If true, this is a positive development BUT
the refinery shortage (thank the NIMBYs and ecofreaks) IS a big part of the problem as well as the wildly diverse local CLEAN AIR regs which require the refiners to produce multiple blends.

The current OIL PRODUCTION level is around 84 million barrels per day. Current world DEMAND is 87 million barrels per day -- and rising (thanks to the Chinese and others swapping their bikes and motorbikes for CARS).

We have at least a 3 million barrel per day shortfall.

The oil being taken from the ground today is from strikes discovered over 30 years ago: Very few NEW oil deposits are being found. ONE oil geologist (I THINK his name is Fox) has raised the prospect that geological forces are producing NEW oil and gas all the time and it is either forming NEW deposits or migrating thru fractures in the rock to the existing fields. That makes some sense but has yet to be confirmed by his peers. Even if true, it's hard to imagine that those replacement stocks can keep up with the growing demand.

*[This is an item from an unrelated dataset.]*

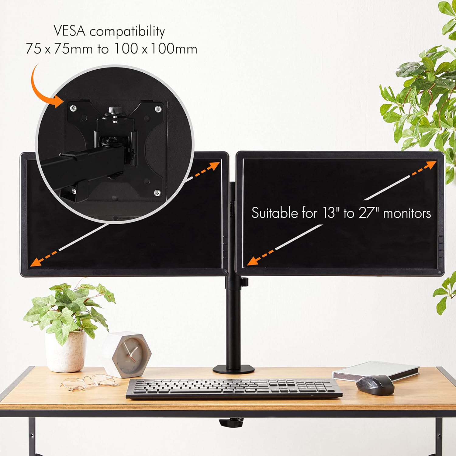 VonHaus Dual Monitor Mount for 13-32” Screens – Double Arm Desk Stand Bracket with Clamp – Ergonomic 180° Tilt, 360° Rotation & Twin 360° Swivel Arms – VESA Dimensions: 75×75-100×100

What all this means is that we're headed toward ever-higher prices. That's the bad news.

The GOOD NEWS is that those higher prices are pushing us back toward some modicum of ENERGY SANITY where we will have no choice but to get on with NUCLEAR for stationary energy production. The Japanese SAFELY produce most of their power with nukes. Their plants are cookie cutter designs, making it easy to THOROUGHLY train their people in their safe operation. Even our good friends the French produce 80% of their juice with nukes!! And if THEY can do it, we sure as hell can.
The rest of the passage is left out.